Awaab deteriorated the next day and his parents were advised by the Community Children's Nursing Team to take him back to the Rochdale Urgent Care Centre, before he went into respiratory arrest and then cardiac arrest while being transferred.

Awaab family home was covered in thick, black mould (MEN Media)

Following the tragedy, RBH’s chief executive Gareth Swarbrick was sacked and Yvonne Arrowsmith put in temporary charge of the organisation, describing the Housing Ombudsman report as containing ‘sobering but not unexpected findings’.

It later emerged in the year that Awaab died, Mr Swarbrick was given a £41,000 pay rise.

Now RBH is looking for a permanent CEO to take the reins.

A job advert, which closed on Tuesday, April 25, confirmed that the new boss will earn ‘circa £168,000 per annum’ — and revealed the scale of the task the head honcho has., reports the Manchester Evening News.

Awaab's death was caused by prolonged exposure to mould at the family’s flat, a coroner found (MEN Media)
Awaab Ishak, who lived on the Freehold estate in Rochdale, Greater Manchester, died in December 2020, just over a week after his second birthday (MEN Media)

“This is a crucial appointment for RBH,” it said. “Our new Chief Executive is vital to the successful future of RBH, its tenants, communities, and staff teams.

"We now need to embed the immediate changes we have made and implement our recovery plan, to regain the trust of the wider community.

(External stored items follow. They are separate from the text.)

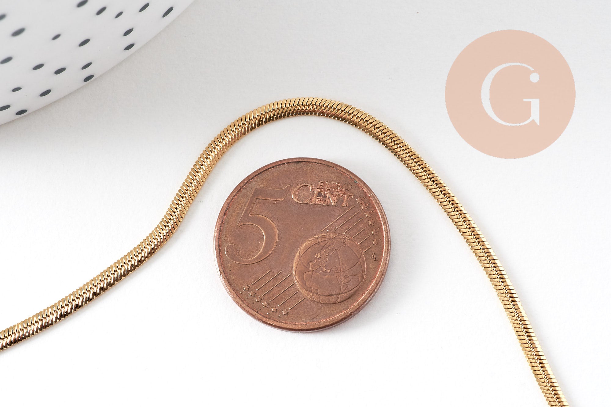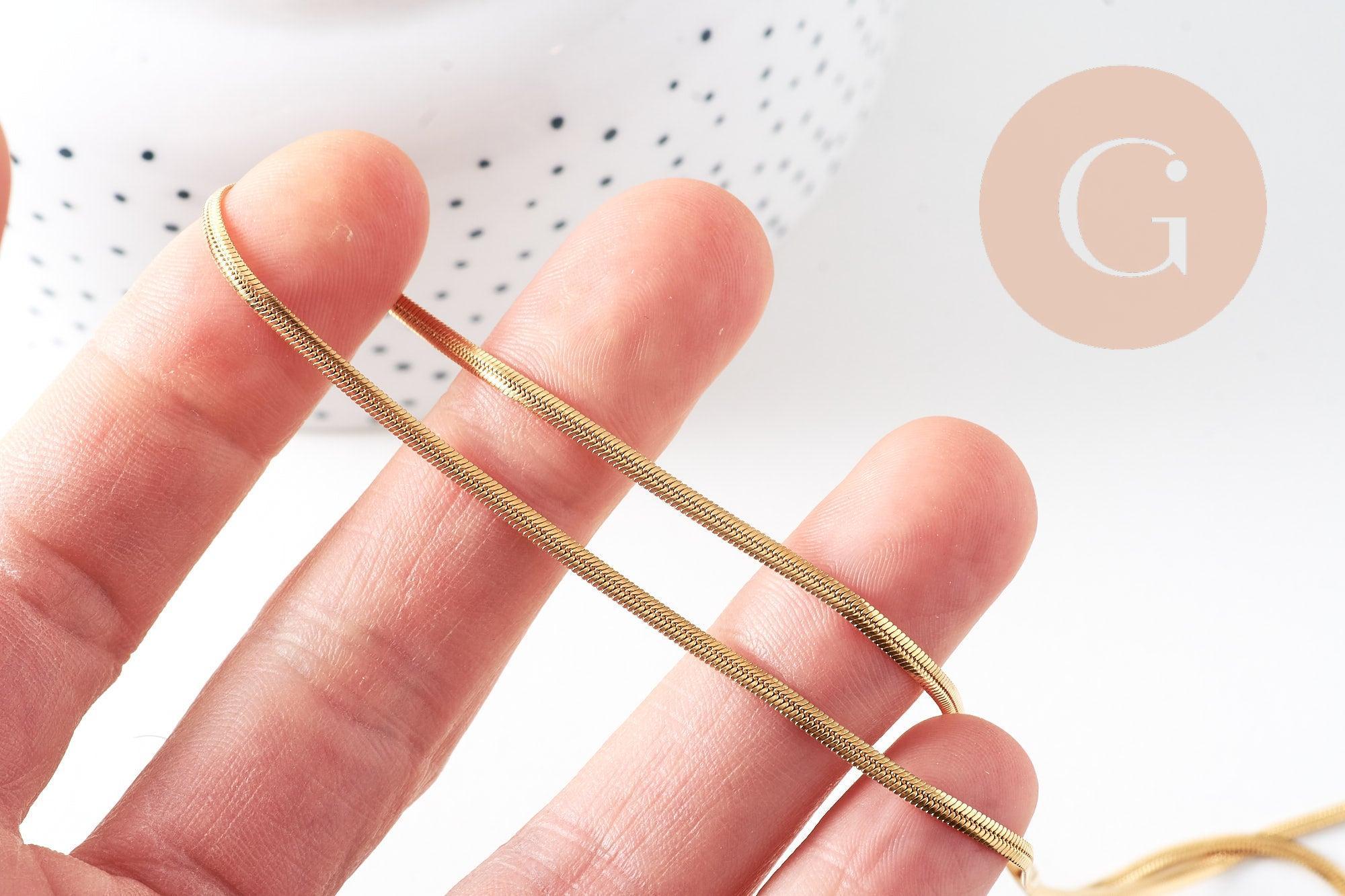 Esta cadena de serpiente completa en acero inoxidable chapado en oro de 14k es ideal para tus creaciones de joyería. Robusto y resistente , será perfecto para todos tus proyectos.
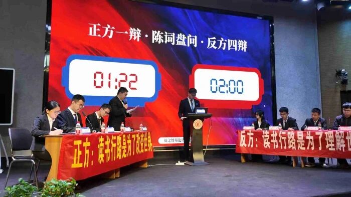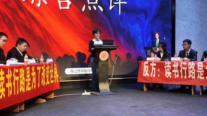 辩论赛下半场围绕“读书行路是为了改变/理解世界”展开激烈辩论。正方一辩开篇立论:读书行路是为主动改造世界,以改变之心激发行动、推动发展;反方则认为读书行路核心是理解世界,理解有独立价值,是探索本质与多元性的本源诉求。双方辩手引经据典,妙语连珠。王羽凡同学对上半场辩论进行了精彩点评,她充分肯定了双方辩手的思辨能力和逻辑严谨性,同时也指出了在论据使用和论证深度上的提升空间。
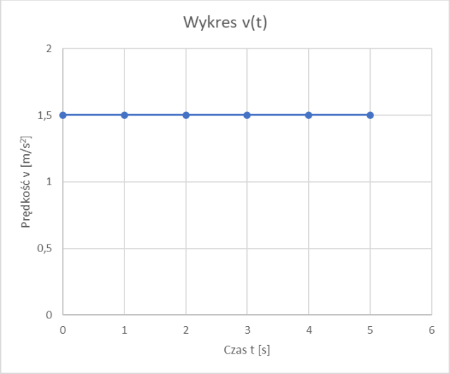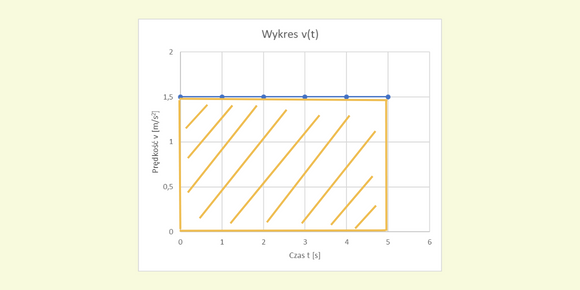 W tym zadaniu musisz narysować wykres prędkości od czasu dla rowerzysty poruszającego się 1,5 m/s. Oblicz drogę przejechaną w czasie 5 sekund i zaznacz ją na wykresie.
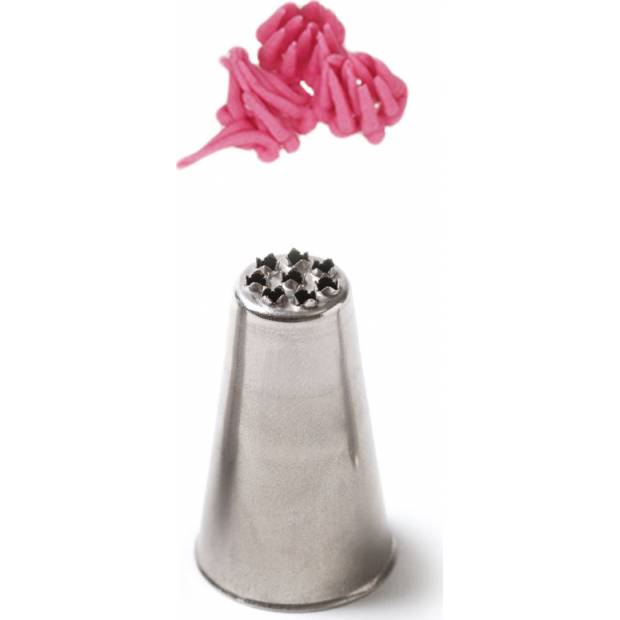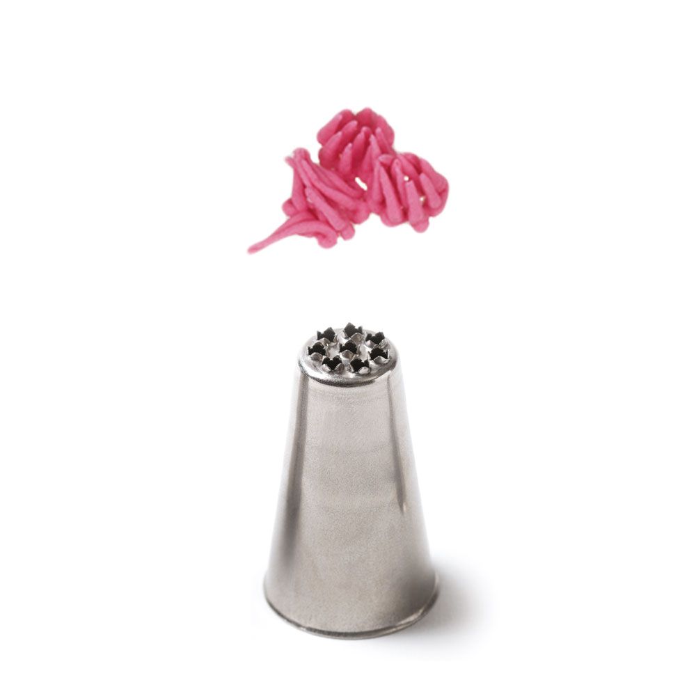 Metallische Backspitzen-Verzierungs-Tip 234 garantieren eine präzise und einzigartige Verzierung. Die Spitze kann wiederholt mit einer Spritzbeutel verwendet werden. Sie besteht aus Edelstahl, Fettflecken bleiben auf der Oberfläche nicht zurück. Nicht geeignet für die Spülmaschine.

“At the heart of this is our unstinting commitment to deliver high quality homes and services, as that is what our tenants rightly expect of us."

Following Awaab's death, a report found landlords the property where he died due to horrific mould saw refugees as 'lucky' to have a home, a report has found.

Black mould caked over the walls alongside a toilet training potty (MEN Media)

Rochdale Boroughwide Housing (RBH) had a culture of "othering" which saw staff hold prejudices and "lazy assumptions" about asylum seekers and refugees, the Housing Ombudsman said.

Its special investigation into the association, which came after the death of two-year-old Awaab Ishak, discovered a "wholly unacceptable" attitude among some staff members. It said there was a pattern of "exclusion and marginalisation" based on different identities.

Residents were treated in dismissive, inappropriate or unsympathetic ways. They were also sometimes subjected to derogatory language, the report said.

Damp and mould inside Awaab Ishak’s home in the Ilminster tower block on the Freehold estate in Rochdale, Greater Manchester (MEN Media)

RBH has previously been criticised for making "incorrect assumptions" about the cause of damp and mould in the flat where Awaab lived, and not treating his family with fairness and respect.

A former staff member at RBH told the ombudsman residents had complained about mould but a manager had said it was "ok and acceptable".

The report said: "We also received a report from former staff that 'residents complained about mold [sic] and living conditions... regularly... raised it with her manager... was told it's ok and acceptable. Most of residents were refugees and she was told they are lucky they have [a] Roof over head'."